Of course as we say, the depreciation costs will go up as well on the expense side. So it will be more normalized with seasonal lifts in the back half of the year. And again, we had just a little bit of extra fees because of winding down one customer in Q4.

James Anderson: And Danny, this is Jamie. So in that, in the outlook that we presented with the fee income of $45 million to $47 million for the first quarter, those — that takes into account the normalization of both Summit and Bannockburn in there. So that would have those coming back down to kind of what a more normalized trend level.

Daniel Tamayo: Understood, yes. No, I appreciate it. So obviously a big normalization in FX and then somewhat more modest on the leasing side, is probably what we’re looking for.

James Anderson: Yes. And correspondingly for the Bannockburn piece, that also normalizes the expenses as well, because we have a lot of variable expenses related to Bannockburn. So, and that, and we included that as well obviously in the 109 to 1011 of expenses.

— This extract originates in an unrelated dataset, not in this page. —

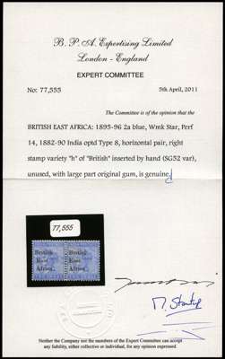 1895-96 2a blue overprinted on India (type 8), horizontal pair, the right stamp variety 'h' of British INSERTED BY HAND' (to correct a broken or partially printed impression of which only the feet remain), fresh large part o.g. The inverted letter is diagonal and in a different (greyish) ink. Tiny gum blemishes and some creasing (insignificant on variety) but a unique and previously unrecorded item, comparable in importance to the 'B handstamped' varieties of the 2r, 3r, 5r of the same issue (= SG 61a, 62a, 63b). [The type and setting of the variety stamp share diagnostic flaws with 'State 4' of the 'Br1tish' variety, which may not actually be from R10/12]. Ex Beauchamp Vialou, with his original notation. BPA Certificate (2011). SG 52 var

Daniel Tamayo: Yes. Perfect. You got my last question there. Maybe just a little more detail, but just curious on the timing of the expenses in those two businesses, if there’s any kind of lag. I appreciate you gave us the range expected in the first quarter, but is — I guess the biggest question is, is there anything that’s like an annual kind of comp that just because it was a fourth quarter played out for those businesses or do those really get recognized on a quarterly basis mostly?

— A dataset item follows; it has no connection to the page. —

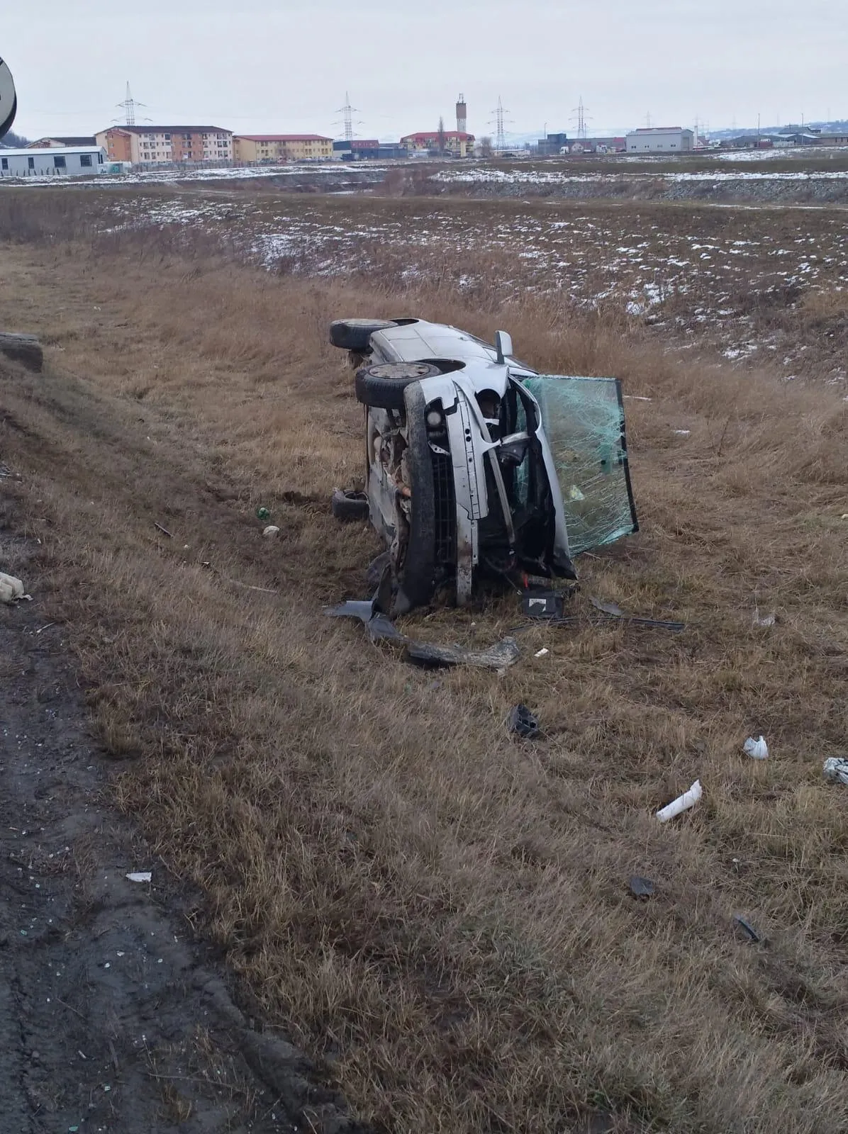 Accident pe centura Apahida. O mașină s-a răsturnat - FOTO

James Anderson: Yes, so we had, so it’s a good question. For the foreign exchange piece of the business, we did have an annual expense that hit because of them reaching a certain revenue threshold, which kicked in a some additional incentive compensation, almost like a, like an earnout that you would have in an acquisition, so them hitting a certain bogey triggered an annual expense. And then so both the normalization of the ongoing revenue in the first quarter and the elimination of that annual piece is that’s part of the reason you see the expenses coming back down in the first quarter in that call it 110 range.

Daniel Tamayo: I got it. I appreciate it. Thanks for all the color. That’s very helpful.

James Anderson: Yes. Thanks Daniel.

Operator: Thank you, Danny. Well, our next question comes from Terry McEvoy from Stephens. Terry, your line is now open.

Terry McEvoy: Hi, thanks. Good morning everyone. Maybe just to followup on that, hey, that last questions between the connection between revenue and expenses, when the leasing business income goes from 7 to 11, does that, how does that impact quarterly expenses or is all the volatility really related to FX?

Archie Brown: All of the volatility was really related to FX. Yes, those were the fees that we received on the leasing business from — on in Summit was more end of term type leasing fees and really didn’t have any variable cost related to it. There was a small amount, maybe $0.5 million, it was small, but it was not 400,000 or 500,000, but not really a lot in that number. So it was all, all of the variability really in the, on the expense side was related to, well, two things, Terry, it was related to, it was related to FX and the revenue that we received there. And then we also had some additional incentive compensation kind of at the corporate level related to just overall corporate bonuses and the strong performance that we had in the fourth quarter, but primarily Bannockburn. Yes.

Terry McEvoy: Okay, thanks. And then maybe any comments on office CRE, retail CRE and some of the portfolios that some feel are at risk given macro conditions and higher interest rates, et cetera?